### [Work request]
Here is the task for the listing below: output exactly the lines from the one containing "Photo of Margaret Webb Dreyer, circa 1945" through the one containing "Church of Pokrov", and leave out the pictures.

Segment Start: Information provided

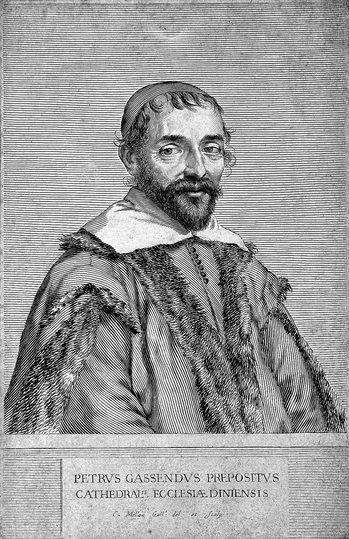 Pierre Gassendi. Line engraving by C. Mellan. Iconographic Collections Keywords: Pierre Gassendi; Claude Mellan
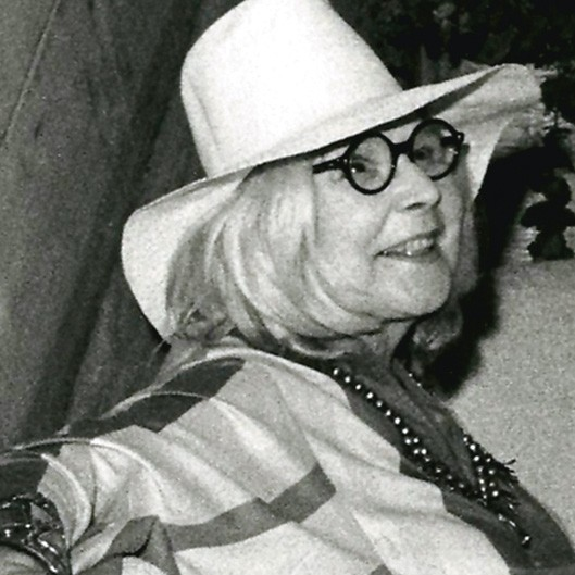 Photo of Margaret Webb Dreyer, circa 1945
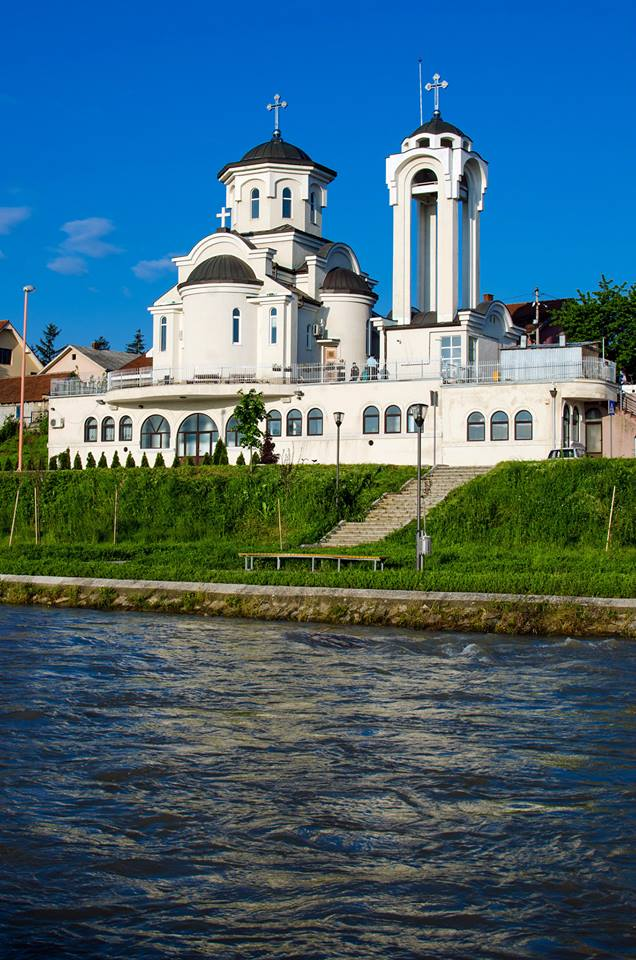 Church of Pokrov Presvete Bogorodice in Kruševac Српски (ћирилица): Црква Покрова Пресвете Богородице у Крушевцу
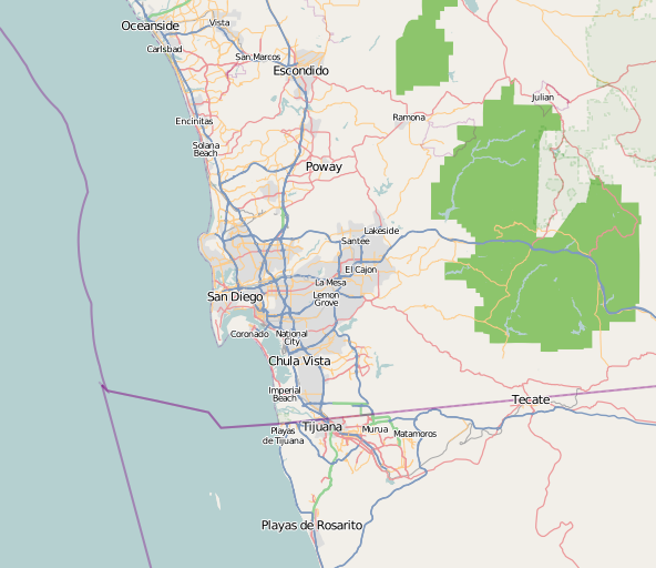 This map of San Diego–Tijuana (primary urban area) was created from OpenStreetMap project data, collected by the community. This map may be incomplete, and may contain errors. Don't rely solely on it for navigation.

Segment End: Information provided

### [Task response]
 Photo of Margaret Webb Dreyer, circa 1945
 Church of Pokrov Presvete Bogorodice in Kruševac Српски (ћирилица): Црква Покрова Пресвете Богородице у Крушевцу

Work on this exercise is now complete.